Observation data Epoch J2000 Equinox ICRS
- Constellation: Scutum
- Right ascension: 18^{h} 50^{m} 20.03715^{s}
- Declination: −07° 54′ 27.4270″
- Apparent magnitude (V): 6.6 to 7.3

Characteristics
- Evolutionary stage: AGB
- Spectral type: C6_{4}
- Variable type: SRb

Astrometry
- Radial velocity (R_{v}): −0.20±1.6 km/s
- Proper motion (μ): RA: 7.92 mas/yr Dec.: −4.55 mas/yr
- Parallax (π): 2.59±0.57 mas
- Distance: approx. 1,300 ly (approx. 390 pc)

Details
- Mass: 1.0 M_{☉}
- Radius: 126 R_{☉}
- Luminosity: 8,552 L_{☉}
- Temperature: 3,000 K
- Other designations: BD−08°4726, HD 174325, HIP 92442, HR 7089, SAO 142674

Database references
- SIMBAD: data

= S Scuti =

Variable star in the constellation Scutum

S Scuti is a carbon star located in the constellation Scutum. Parallax measurements by Hipparcos put it at a distance of approximately 1,300 light-years (390 parsecs). Its apparent magnitude varies between 6.6 and 7.3, making it not quite bright enough to be seen with the naked eye.

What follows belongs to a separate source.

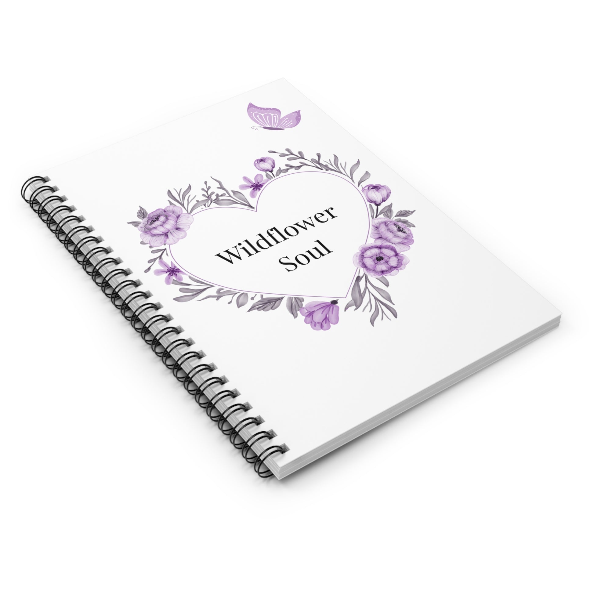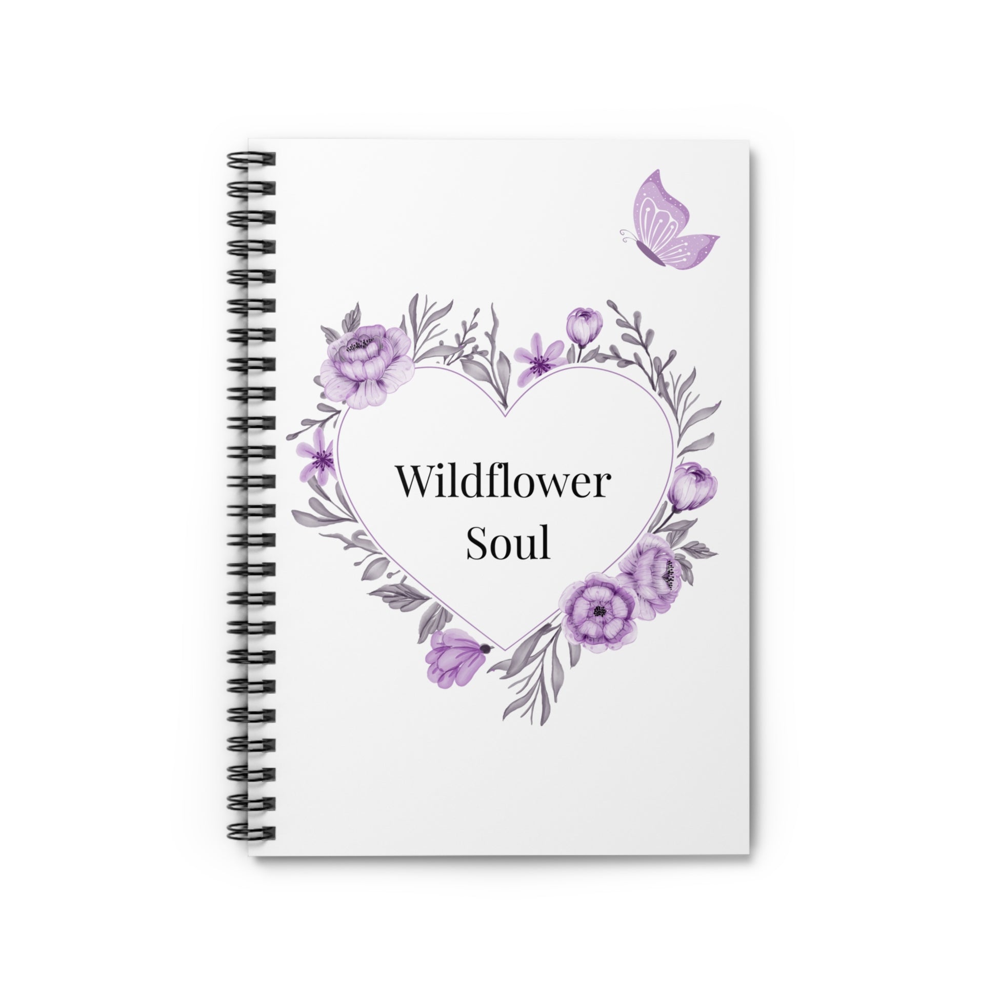 Wildflower Soul Notebook – Floral Heart Spiral Journal Let your thoughts bloom on every page with this Wildflower Soul spiral notebook. Featuring a delicate floral heart design and a gentle butterfly, it's a daily reminder to live gently, love deeply, and dream freely. With ruled pages and a sturdy spiral binding, it’s perfect for journaling, note-taking, or capturing daydreams wherever you go. Whether you're writing under the sun or curled up indoors, this notebook adds a soft, floral charm to your routine. Ideal for wildflower hearts, plant lovers, and free spirits, it’s more than just a notebook — it’s a quiet space to grow your ideas.

Louisa Dennison Wells discovered that the star is a variable star. Her discovery was announced in 1901. It was listed with its variable star designation, S Scuti, in Annie Jump Cannon's 1907 work Second Catalog of Variable Stars.
S Scuti is a semiregular variable star. Its class is SRb, and its pulsation cycle lasts 148 days. S Scuti is also surrounded by a roughly spherical shell of dust. The shell was known earlier from its carbon monoxide emission lines. The total mass of the dust is 7±2×10^-5 solar mass.